Logan Webber, who was in the library with Hurley, also was excited about missing class but nervous. He was upset because he wasn’t able to email his essay to himself before the building was evacuated.
“I wrote about five paragraphs of beautiful literature and now it’s lost in the depths of Pierce’s archives,” Webber said.
Emily Rash also was in library working when the building was evacuated. She said a police officer came in and said, “We’re evacuating the building. This is not a drill. This is not a drill.”
Students couldn’t leave campus in a timely manner were instructed to wait for their rides by the main entrance of the college while those students with disabilities were picked up by a Pierce Transit bus that was specially arranged by officials. Traffic was stopped on both sides of the college’s back entrance by Walmart, so that students could evacuate quickly.

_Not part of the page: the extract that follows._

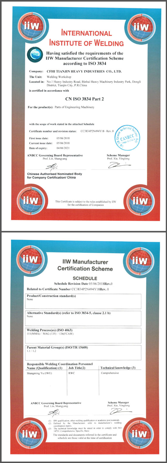 此證書(shū)由國(guó)際焊接學(xué)會(huì)(INTERNATIONAL INSTITUTE OF WELDING)頒發(fā),標(biāo)志著企業(yè)質(zhì)量管理體系符合ISO 3834-2標(biāo)準(zhǔn)要求
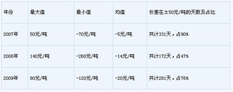 (2)山西廠庫相對于基準(zhǔn)交割地的廠庫和倉庫貼水200元/噸 第一,山西在我國焦炭貿(mào)易中屬于凈流出方,本地交通不便,適當(dāng)設(shè)置貼水可以防止貿(mào)易逆流。 山西雖然產(chǎn)焦多,但本地消化能力弱,每年焦炭產(chǎn)量的78%需要外運到山東、天津、河北、江蘇等地進行消化。其中,通過鐵路方式出省的占51%,汽車運輸占49%。鐵路運力緊張一直是山西省面臨的難題,而汽運也受到山西地理條件的影響。山西省山地、丘陵多、平原少,東依太行山,西靠中條山,并與呂梁、太岳等山脈互為犄角。近年來,雖然山西的公路、鐵路設(shè)施和條件得到較大改善,為焦炭和煤炭的外運提供了有效保障,但是目前尚不具備發(fā)生大規(guī)模交割的條件。由于山西本身處于焦炭貿(mào)易流向的流出方,通過對山西地區(qū)適當(dāng)貼水,可以避免山西境外焦炭流入山西,防止出現(xiàn)貿(mào)易逆流現(xiàn)象和大規(guī)模交割情況,有效防范交割風(fēng)險。 第二,相對于基準(zhǔn)交割地貼水200元/噸比較適宜。 從山西與基準(zhǔn)交割地的價差情況來看,2008年前,河北、山東的焦炭價格要高于山西200元/噸左右,但金融危機之后,一是受鋼鐵工業(yè)焦炭需求疲軟影響,同時山西省的鐵路和公路運輸效率也大幅提高,使山西與山東、河北之間的價差有縮小的趨勢。根據(jù)2009年1-9月數(shù)據(jù),河北的焦炭價格比山西的平均高約90元/噸,山東比山西平均高約50元/噸左右,基本反映了地區(qū)間的運輸成本。 注:河北、山東、山西價格分別取自唐山、濰坊和運城 從山西到基準(zhǔn)地之間的運輸綜合費用情況來看,山西到天津、唐山的鐵路運費約為90元/噸左右,到連云港的鐵路運費約為105元/噸,山西到兩地的汽車運費在150元/噸左右,見表5。加上請車費等其他費用后,鐵路運輸費用與公路運輸費用基本接近。這樣,運輸加上雜項的綜合費用最高接近200元/噸。

According to Central Pierce Fire and Rescue spokesman Guy Overby, the evacuation of the campus went smoothly.
“The school appeared to do a good job on asking everyone to leave,” Overby said.
A regional Fire Department Hazardous Materials Team and the Pierce County Sheriff’s Department’s Hazardous Devices Squad responded to the potentially dangerous situation and assisted with the investigation. The buildings and parking lots were thoroughly checked as a precaution, but nothing unusual was found on the premise, officials said.
The regional Hazardous Materials Team determined that the suspicious substance found in the car abandoned on campus is believed to be baking soda, Overby said in an interview on Friday afternoon.
At about 2:30 p.m. officials began to break down their equipment and moved the extensive apparatus from the college. There were a total of five fire engines, a hazardous material incident operations rig, two medics and other equipment stationed on campus.
“We have a lot of apparatus here,” Overby said.
About 3:30 p.m. the campus was reopened for access, but activities scheduled for the afternoon and evening were cancelled. Numerous vehicles still were in the parking lots after the campus was closed, leading observers to believe that some students left with someone else or walked off campus.
The college posted a notice Friday evening that said students and college employees were able to pick up their vehicles, and activities and classes scheduled for Saturday would resume as usual.
Puyallup Police Department’s Criminal Investigations Division was able to identify a person of interest in the case, according to Pashon, and police continue to investigate the incident.
—The Puyallup Post staff members and Intro to Feature Writing students assisted with the information gathering for this story.